* [Action item] Write out exactly, and only, the lines below from the line with "- Gehäuse aus" through the line with "Join us for"; pictures do not belong in the copy.

* [Data shown]
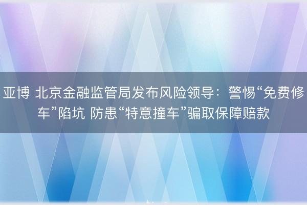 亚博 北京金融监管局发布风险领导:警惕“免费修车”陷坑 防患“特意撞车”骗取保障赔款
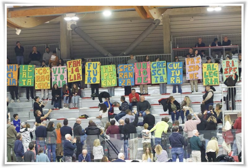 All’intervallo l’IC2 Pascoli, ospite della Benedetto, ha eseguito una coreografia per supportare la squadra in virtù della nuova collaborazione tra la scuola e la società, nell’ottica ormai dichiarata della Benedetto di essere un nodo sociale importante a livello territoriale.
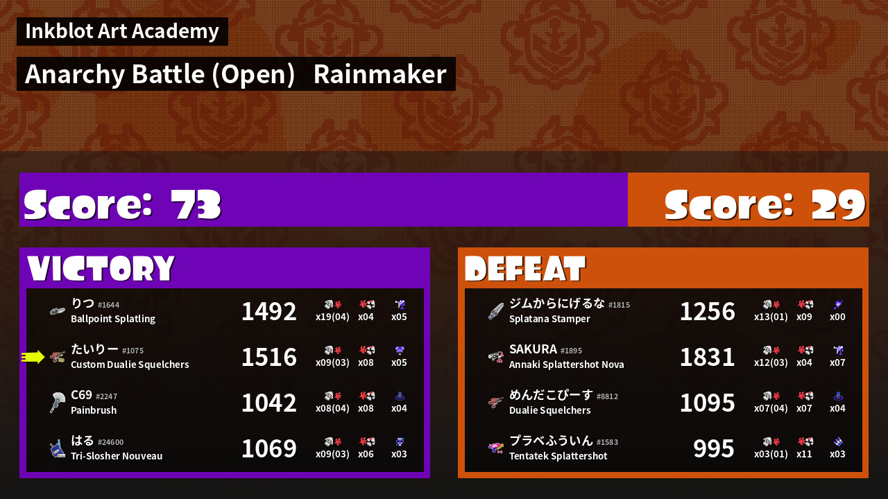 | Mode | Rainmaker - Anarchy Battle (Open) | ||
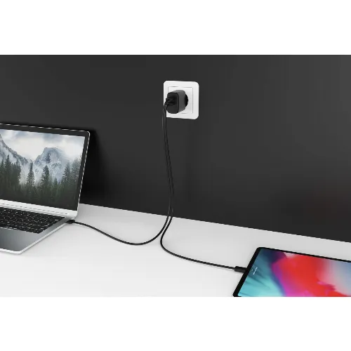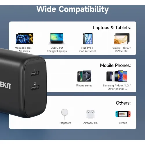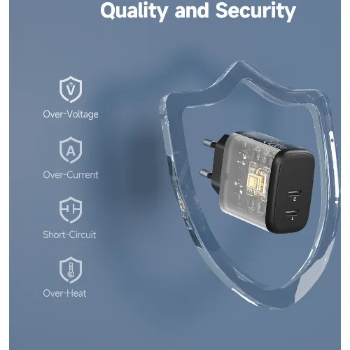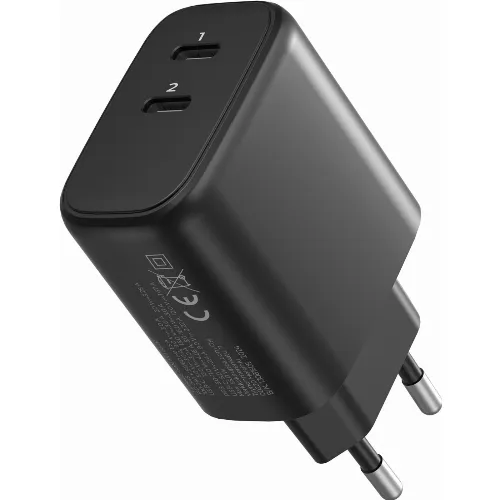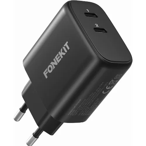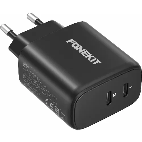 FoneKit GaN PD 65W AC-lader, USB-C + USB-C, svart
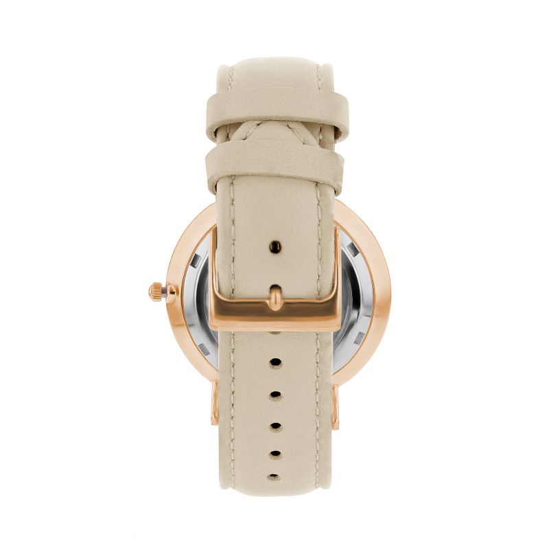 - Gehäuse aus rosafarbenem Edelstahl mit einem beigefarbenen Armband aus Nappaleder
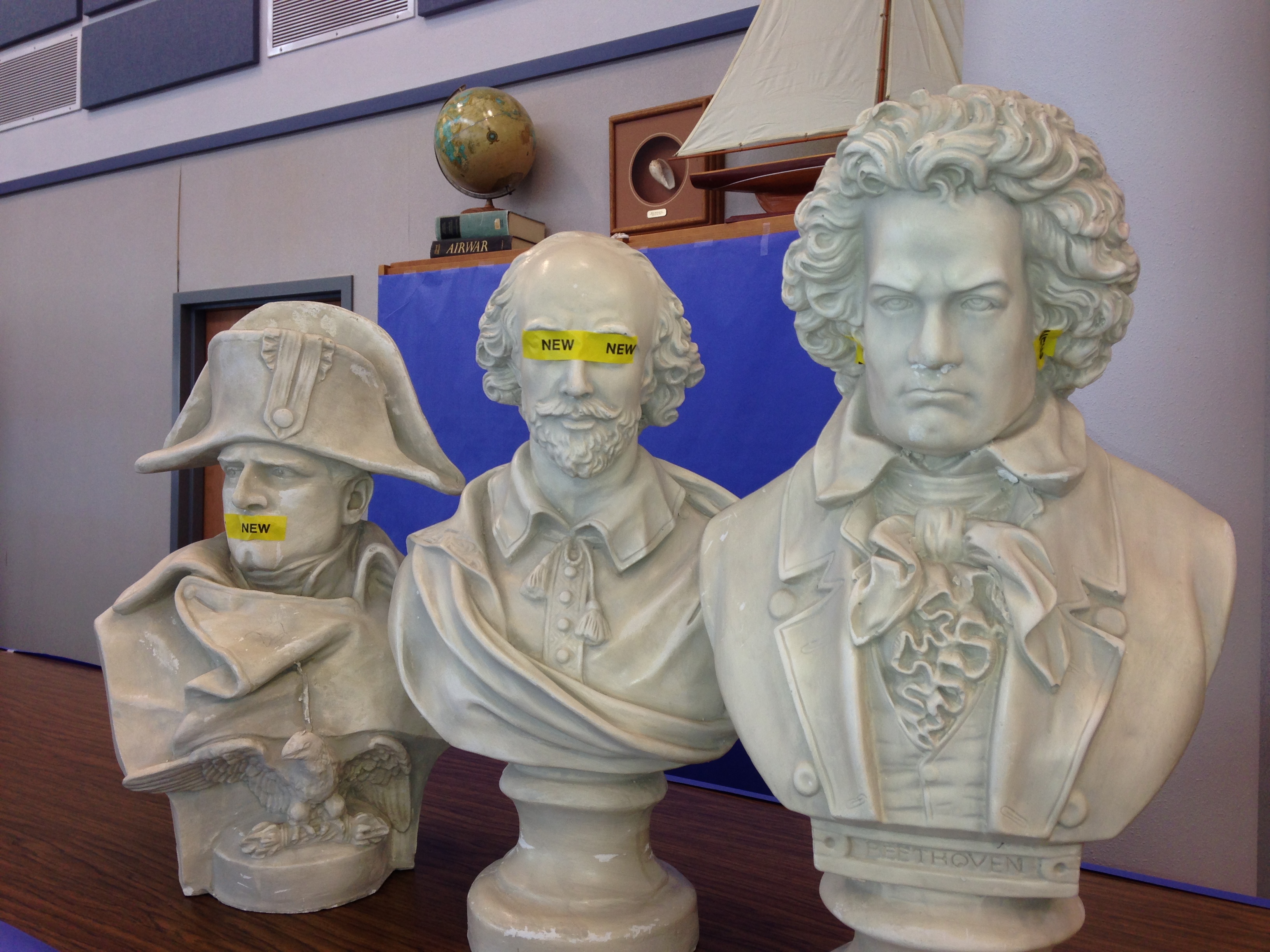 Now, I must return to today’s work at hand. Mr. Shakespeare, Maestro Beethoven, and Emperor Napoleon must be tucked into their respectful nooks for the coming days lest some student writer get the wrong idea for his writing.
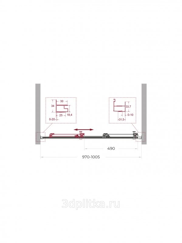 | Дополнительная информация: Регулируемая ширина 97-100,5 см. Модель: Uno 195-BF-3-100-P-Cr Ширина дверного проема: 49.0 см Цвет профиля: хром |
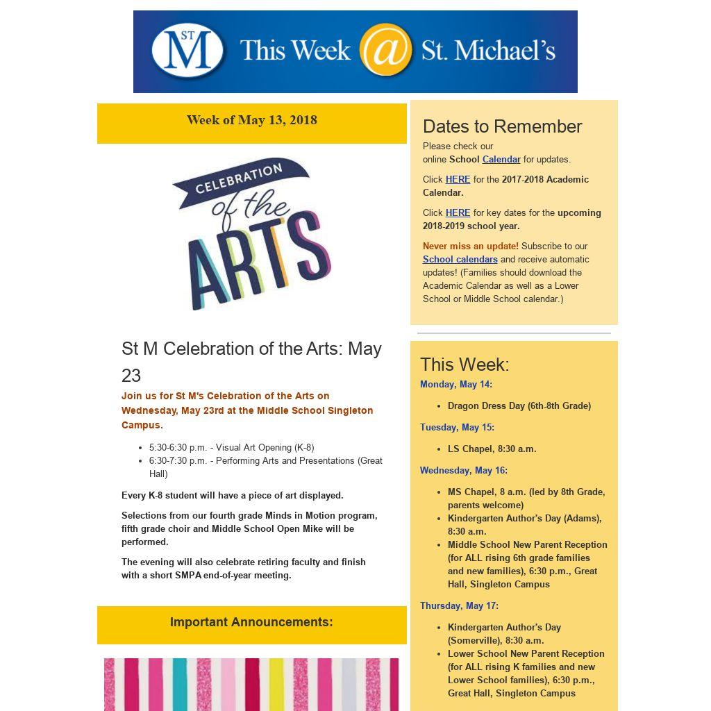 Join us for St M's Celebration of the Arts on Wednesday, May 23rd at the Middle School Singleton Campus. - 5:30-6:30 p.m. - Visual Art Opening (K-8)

--

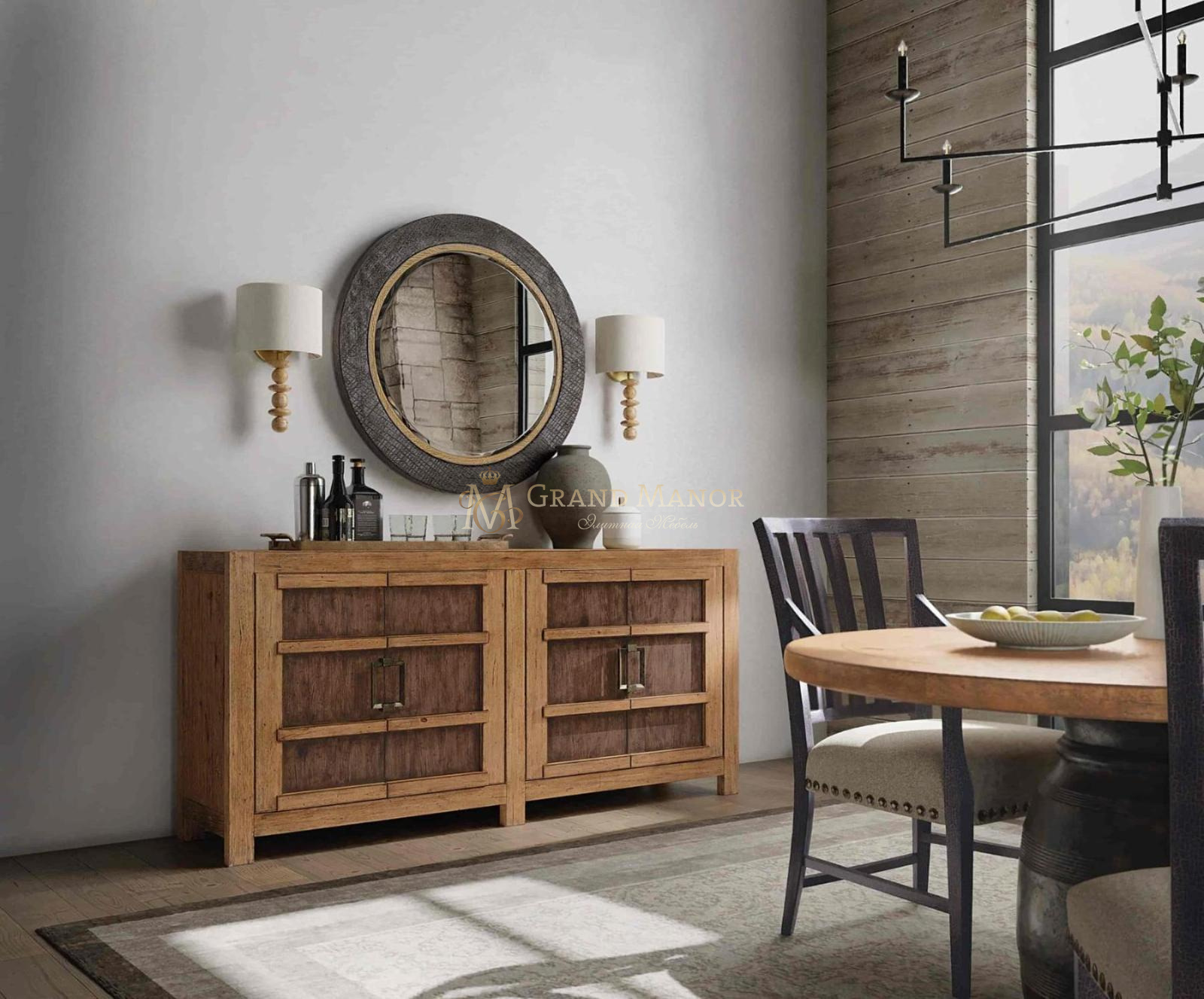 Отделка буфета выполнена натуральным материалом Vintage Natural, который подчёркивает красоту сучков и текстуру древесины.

==

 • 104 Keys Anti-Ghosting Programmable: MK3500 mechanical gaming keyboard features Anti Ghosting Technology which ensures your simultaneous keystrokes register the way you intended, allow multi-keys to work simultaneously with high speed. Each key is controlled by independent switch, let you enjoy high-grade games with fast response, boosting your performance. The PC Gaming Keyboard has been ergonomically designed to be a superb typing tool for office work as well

* [Your solution]
 - Gehäuse aus rosafarbenem Edelstahl mit einem beigefarbenen Armband aus Nappaleder
 Now, I must return to today’s work at hand. Mr. Shakespeare, Maestro Beethoven, and Emperor Napoleon must be tucked into their respectful nooks for the coming days lest some student writer get the wrong idea for his writing.
 | Дополнительная информация: Регулируемая ширина 97-100,5 см. Модель: Uno 195-BF-3-100-P-Cr Ширина дверного проема: 49.0 см Цвет профиля: хром |
 Join us for St M's Celebration of the Arts on Wednesday, May 23rd at the Middle School Singleton Campus. - 5:30-6:30 p.m. - Visual Art Opening (K-8)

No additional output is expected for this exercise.